Sarcomas represent a diverse set of both malignant and benign subtypes consisting of often rare and ultra-rare conditions. Over the course of the last decade, there have been numerous FDA approvals for agents treating various sarcoma subtypes. Given this burgeoning landscape of sarcoma treatments, we seek to review current FDA-approved agents with respect to their rates of incidence, approval rates, and financial costs. We gathered clinical trial data by searching FDA approval announcements from 2013 to 2023. We determined the 30 day and one year cost of therapy for patients of FDA-approved sarcoma treatments in the aforementioned timeframe. From 2013 to 2023, 14 medications have been FDA-approved for sarcoma subtypes. The 30-day dosing prices for these medications range from $11,162.86 to $46,926.00. Since 2013, the rates of approval for sarcoma medications have been higher than in prior decades. Nonetheless, there remains the potential for significant financial toxicity for patients living with sarcoma.

1. Introduction

Sarcomas are a rare group of mesenchymal neoplasms that altogether represent 1% of adult malignancies [1]. Historically, they have been divided into soft tissue and bone sarcomas. Within each subdivision exists myriad subtypes, with, for example, soft tissue sarcomas having over 100 distinct histologies [2]. Confounding this issue further is the coexistence of benign entities, such as desmoid fibromatosis, neurofibromas, or tenosynovial giant cell tumor (TGCT). Until the last decade, clinical trials for soft tissue sarcomas generally relied on broad application of generally efficacious medications to this group of neoplasms in aggregate [3,4]. While data from initial studies were able to show general efficacy, an unfortunate consequence was a lack of progress in therapy, with the standard first line treatment for most patients with soft tissue sarcoma remaining a doxorubicin-based therapy [3,5]. Nonetheless, within broader families of soft tissue sarcoma existed some bright spots where molecular underpinning and targeted therapeutics were capable of making significant headway and shifting the landscape of therapy significantly [6]. Over the ensuing years, the field has understandably shifted from wide-spanning application of cytotoxic or nonspecific treatments to more focused and nuanced, and therefore honed and precise, trials aimed at shifting the needle in rare and ultra-rare tumor types [7,8]. This, in conjunction with an inspirational grass roots patient advocacy and expansion in clinical trial networks, has led to FDA approvals of an accelerating number of agents for patients who, previously, had few acceptable options [9,10]. Of note, within these approvals lies the distinction of the FDA’s full approval and accelerated approval processes, in which the latter uses surrogate endpoints such as laboratory measurements or radiographic images in place of direct measures of clinical benefit to considerably shorten the time needed for approval [11].
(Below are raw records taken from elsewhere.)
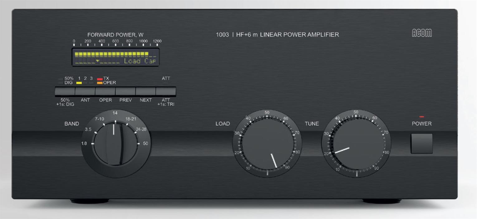 L'ACOM 1003 è un amplificatore lineare autonomo e indipendente che copre tutte le bande radioamatoriali da 1,8 MHz a 54 MHz. Fornisce 1000 W di potenza in uscita PEP o 900 W di portante continua senza limitazioni di modalità operativa, con 50-80 W di potenza in ingresso (dal ricetrasmettitore).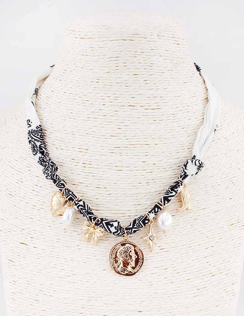 White and Black Knotted Scarf Necklace with Coin, Bow, and Pearl Charms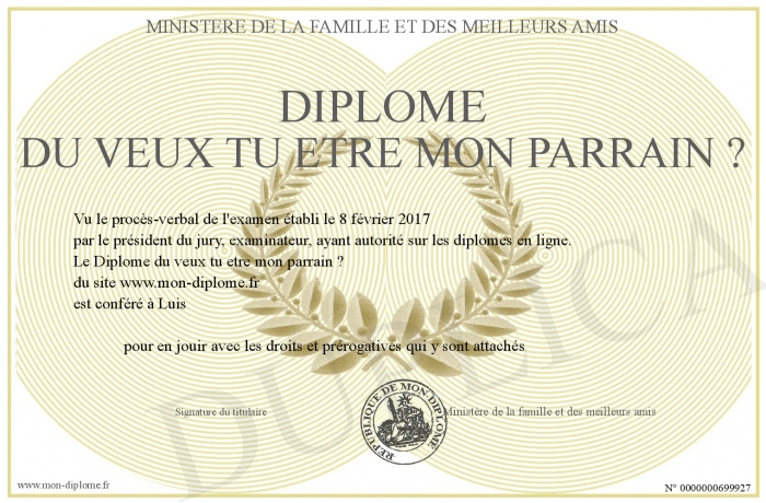 Envoyez par email votre Diplôme du veux tu etre mon parrain ? personalisé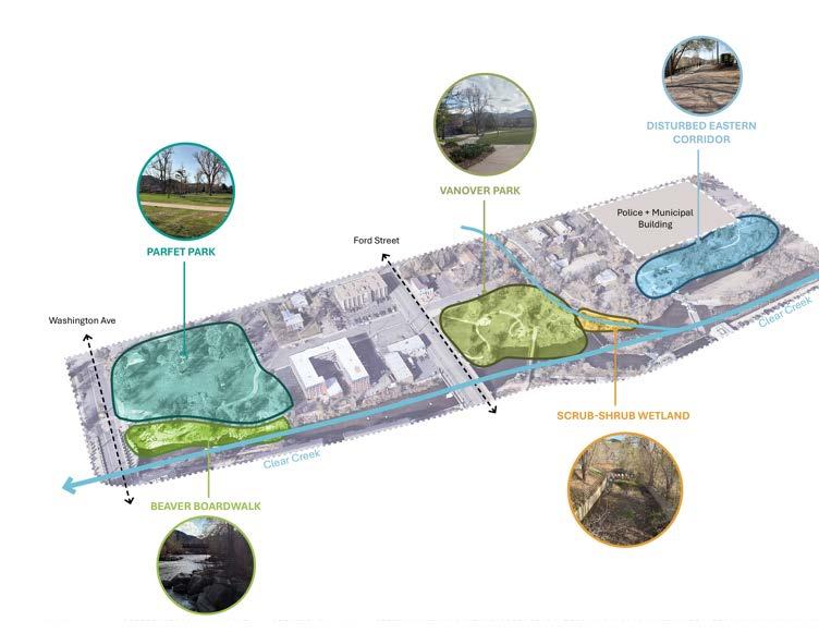 (Right) Key parks, civic edges, and underutilized parcels define a corridor with high potential for improved access, trail continuity, and stronger ecological relationships along Clear Creek.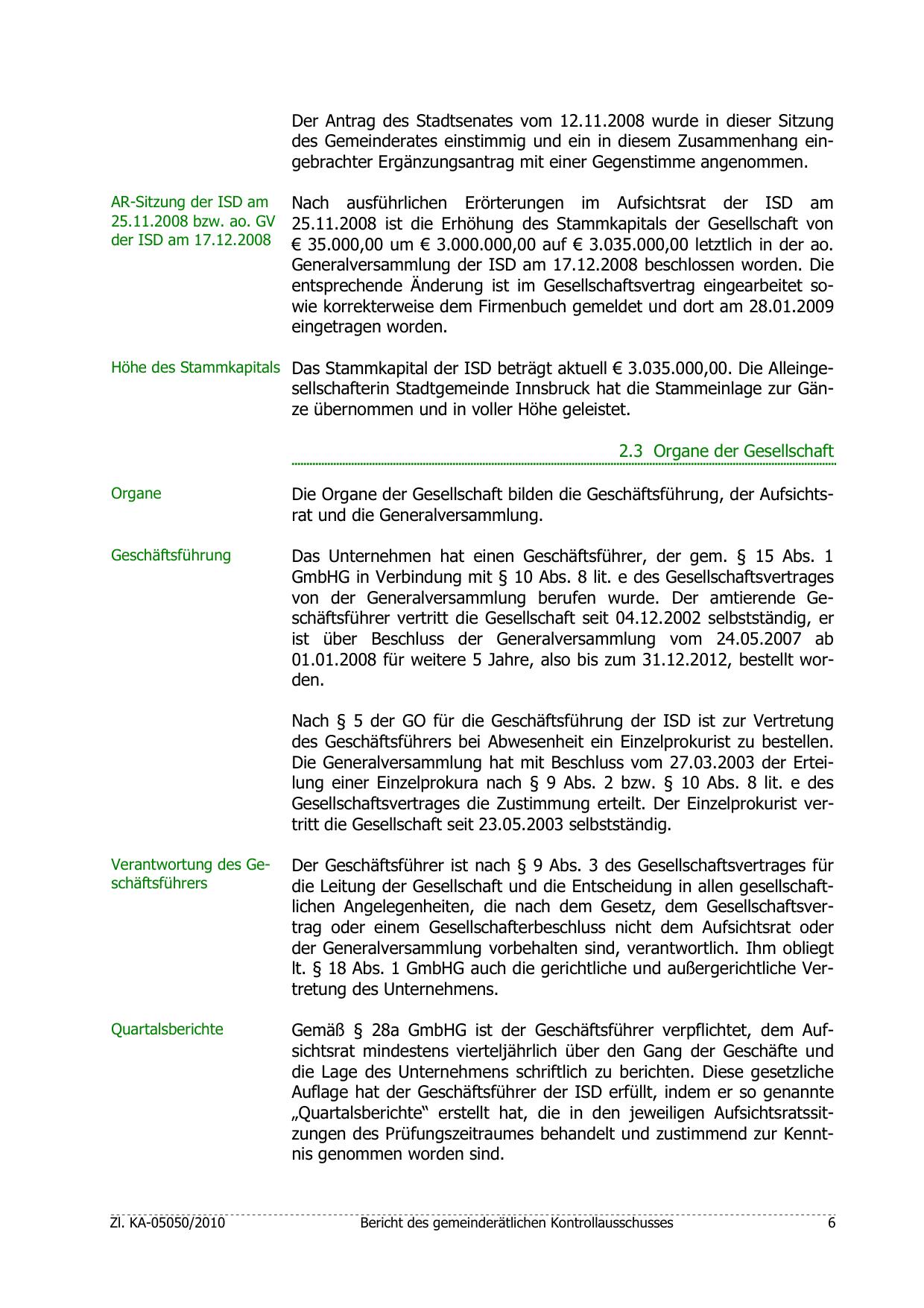 sellschafterin Stadtgemeinde Innsbruck hat die Stammeinlage zur Gänze übernommen und in voller Höhe geleistet.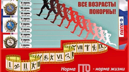 Комплекс ГТО состоит из 11 ступеней в соответствии с возрастными группами населения от 6 до 70 лет и старше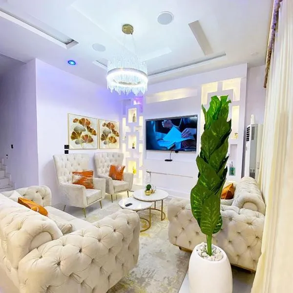 Lekki holiday shortlet享有花园景,配备季节性室外泳池和阳台,距离勒奇保育中心约有9公里。这家自助式度假屋配有私人泳池、花园和免费私人停车位。 这家度假屋配备4间卧室、4间浴室、床上用品、毛巾、带卫星频道的平板电视、用餐区、设施齐全的厨房以及池景露台。这家空调度假屋还提供休息区、洗衣机以及4间带淋浴设施和浴缸的浴室。 这家度假屋提供汽车租赁服务。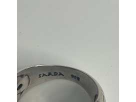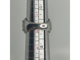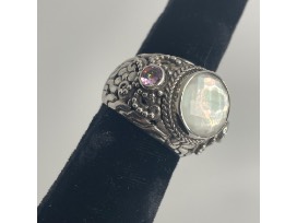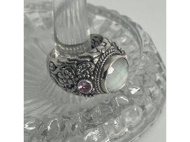 Appears to be white moonstone with amethyst accent stones. Filigree setting.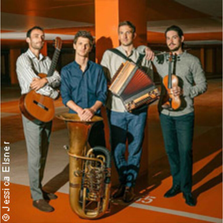 Das Leichte ist am schwersten – Geige, Steirische Harmonika, Gitarre und Tuba – vier virtuose Musiker weben ein dynamisches, kammermusikalisches Geflecht, das in einer Eleganz und Leichtigkeit aufblüht, die man im Zusammenhang mit Volksmusik so nicht erwartet hätte.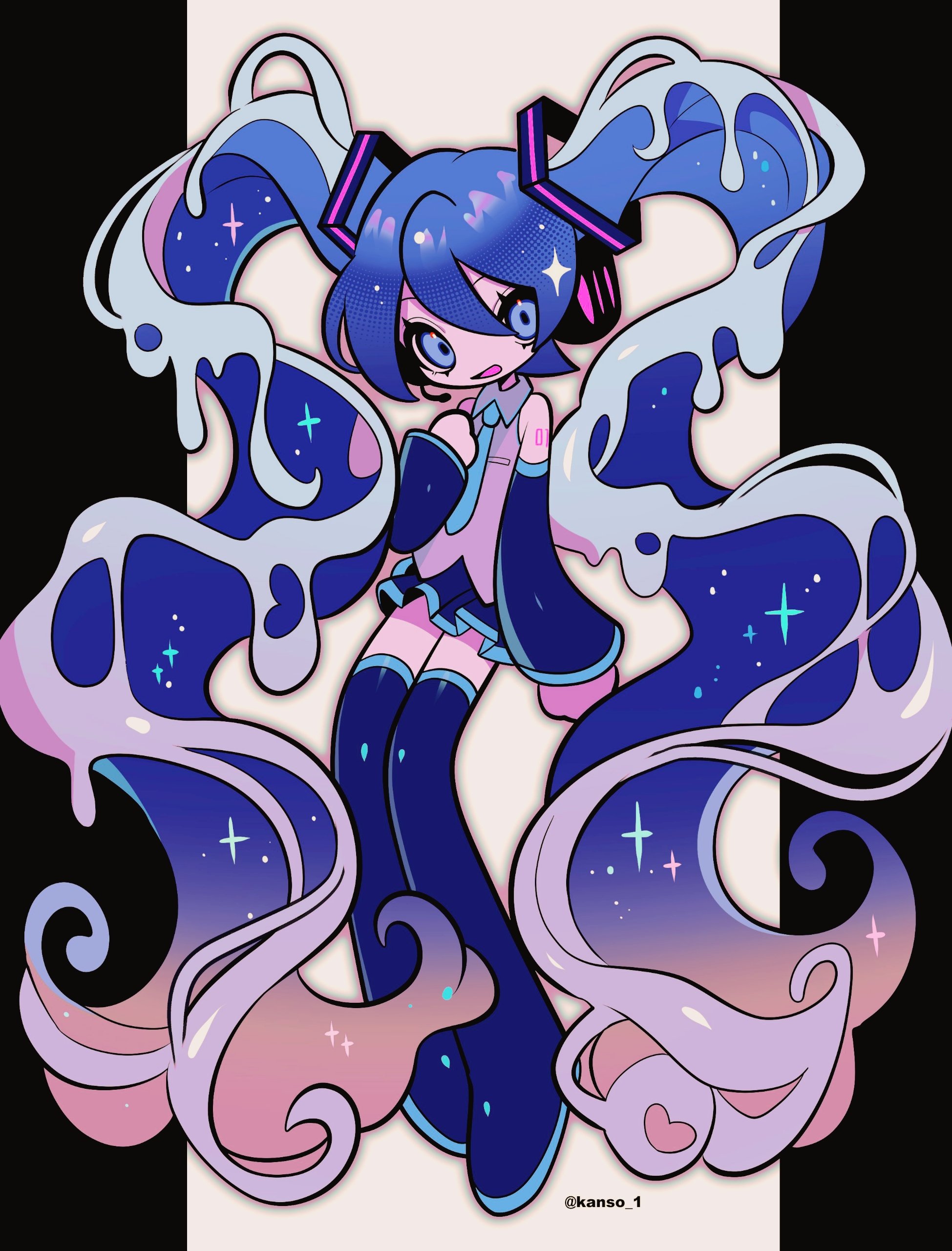1girl :d absurdly_long_hair absurdres artist_name bare_shoulders blue_boots blue_eyes blue_hair blue_necktie blue_skirt blue_sleeves boots detached_sleeves full_body grey_shirt hatsune_miku headset heart highres kansou_(kanso_1) liquid_hair long_hair looking_at_viewer necktie open_mouth shaped_liquid shirt skirt sleeveless sleeveless_shirt smile solo sparkle thigh_boots very_long_hair vocaloid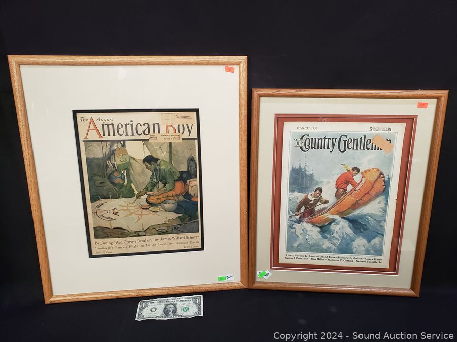 "The American Boy" & "The Country Gentlmen" March 1930. 19.5" x 16.5" & 22.5" x 19.5". oak framed, matted with glass.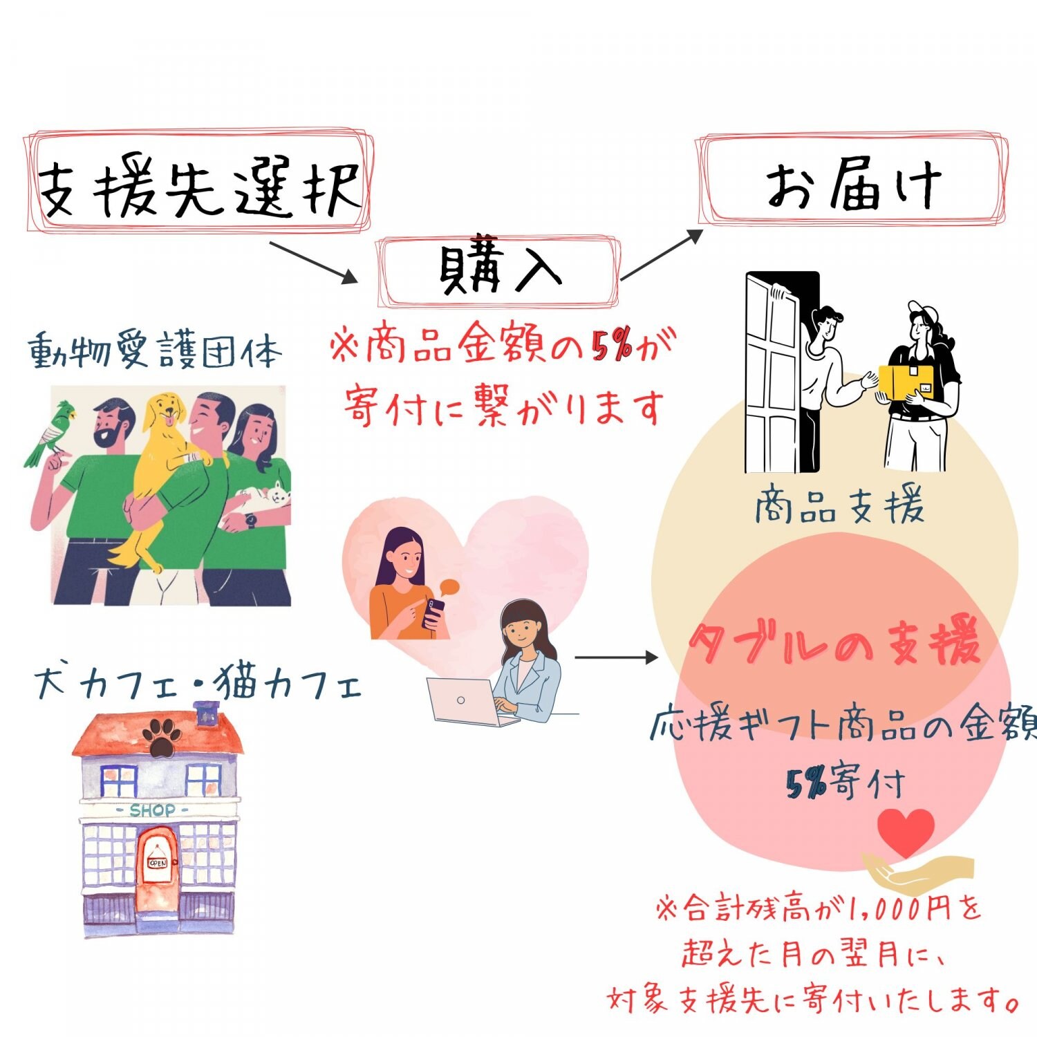 【応援ギフトMaru】では、新たなご縁が繋がるまでの間、沖縄県で暮らす保護犬・保護猫への食事や消耗品など支援する取り組みをしております。応援したい支援先へ、物資支援ギフトと応援ギフト商品の金額5%が寄付へと繋がり、支援先へは「ダブルの支援」として届けられます。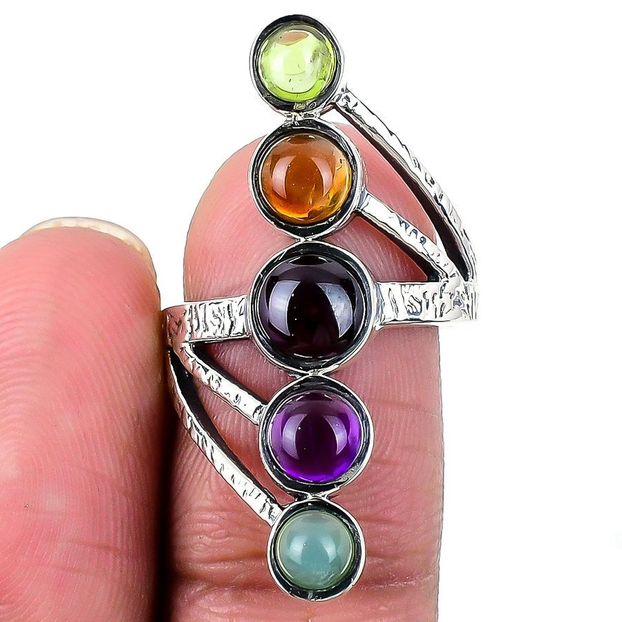 Sage Amethyst Stone 925Ā SolidĀ Silver Daughter Birthday Statement New Ring US 7.5

It is hard to overstate the significance of these developments. With any advances, however, it is nonetheless vital to review the implications of these changes. Therefore, the objective of this study is to review the current environment of FDA-approved agents in sarcoma. Specifically, we seek to qualify the rate of approvals, as well as anticipated costs associated with them, as it may pertain to measured benefits of the treatment, as well as incidence. These could allow for a better understanding of future directions within sarcoma by reflecting on the successes of the past.

2. Materials and Methods

2.1. Compiling Literature

To assess the body of FDA-approved sarcoma drugs from 2013 to 2023, we first classified the drugs through their class and mechanism of action by searching PubMed for English language studies of these medications. In order to more specifically represent the landscape of approvals in sarcoma, tissue-agnostic therapies were not included in this analysis. It is important to note, however, that patients with select mutations may qualify for these treatments. We also gathered literature that outlined incidence rates of each respective sarcoma indications. Given different incidence rate denominators among the collected articles, we converted all incidence rates to be in terms of per 1,000,000 people. For diseases such as Gastrointestinal Stromal Tumor (GIST) with PDGFRA Exon 18 Mutation, where the literature provided PDGFRA Exon 18 Mutation incidence as a percentage of total GIST cases, we multiplied this given percentage by GIST’s incidence rate. Next, we conducted reviews of the clinical trials that resulted in approvals in the United States for their associated treatments by searching the FDA approval announcements during this time period. Within the compiled sources, we recorded the enrollment periods, recommended dosing regimens, and median progression-free survival (PFS) of these trials (

Table 1. Tabulation of sarcoma indications with respective drug name, year of FDA approval, incidence rates per 1,000,000 people, AWP price in USD, days for AWP, price for 30 days of drug, price for 12 months of drug, median PFS in months, and total cost of therapy to patient.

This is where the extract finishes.